E temos o outro grande alicerce: os personagens.
Eles são profundos, humanas, verossímeis mesmo que envoltos por acontecimentos fantásticos. Junto a Macondo, permitem construir essa obra que agrada os olhos de tantos e tantas pelo mundo. Não sou colombiano, mas sinto orgulho por uma obra de nossos irmãos sul-americanos mostrar ao mundo que por aqui se sabe fazer excelente literatura.
Mas, claro, eu me propus a justificar, e não só adjetivar agradavelmente.
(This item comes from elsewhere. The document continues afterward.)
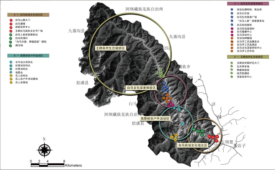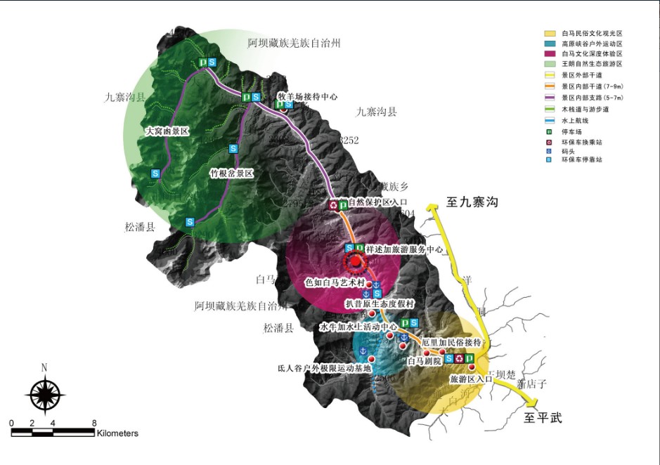 规划通过对旅游区场地条件的GIS 分析,研究区域空间发展潜力,优化旅游区空间结构,在旅游区形成“一心两廊四区多节点”的总体空间发展格局:一心即详述加旅游服务中心,为整个旅游区提供综合性服务;两廊为贯穿白马社区的文化廊道以及王朗自然保护区的生态廊道,让游客在行车(船)过程中充分感受到原始、质朴的自然与文化气息;四区为白马民俗文化观光区、高原峡谷户外活动区、白马文化深度体验区、王朗自然生态旅游区。

Sobre os personagens serem tão apaixonantes: É curioso como muitos deles se veem sempre só, mesmo que a família Buendía seja, na maior parte do século, numerosa. Úrsula, por exemplo, morre bem depois de se tornar centenária, e por muito tempo fiquei na dúvida se era ela a mais solitária.
O narrador oferece o íntimo dos personagens para o leitor, o que é quase como nos dar um abraço. Quando estamos diante de seus infortúnios ou dramas, é certo nos vermos refletidos ou representados, em medidas diferentes para personagens diferentes. Não nos sentimos sós quando vemos muito de nossos tormentos pessoais causando o mesmo efeito nos Buendía ou naqueles que interagem com eles ao longo do século.
Capa mítica da primeira edição do livro, feita pelo artista mexicano Vicente Rojo. (Imagem: Reprodução)
Todos os descendentes homens da família Buendía recebem ou o nome de Aureliano ou de José Arcádio. Úrsula, em determinado ponto, reflete que a repetição dos nomes a permitia concluir que “enquanto os Aurelianos eram retraídos, mas de mentalidade lúcida, os Josés Arcádios eram impulsivos e empreendedores, mas estavam marcados por um signo trágico”.
Úrsula não é a única personagem a ter essa conclusão, como vemos neste trecho:
“Pilar Ternera emitiu um riso fundo, o velho riso expansivo que terminara por parecer um arrulho de pombo. Não havia nenhum mistério no coração de um Buendía que fosse impenetrável para ela, porque um século de cartas e de experiência lhe ensinara que a história da família era uma engrenagem de repetições irreparáveis, uma giratória que continuaria dando voltas até a eternidade, se não fosse pelo desgaste progressivo e irremediável do eixo.”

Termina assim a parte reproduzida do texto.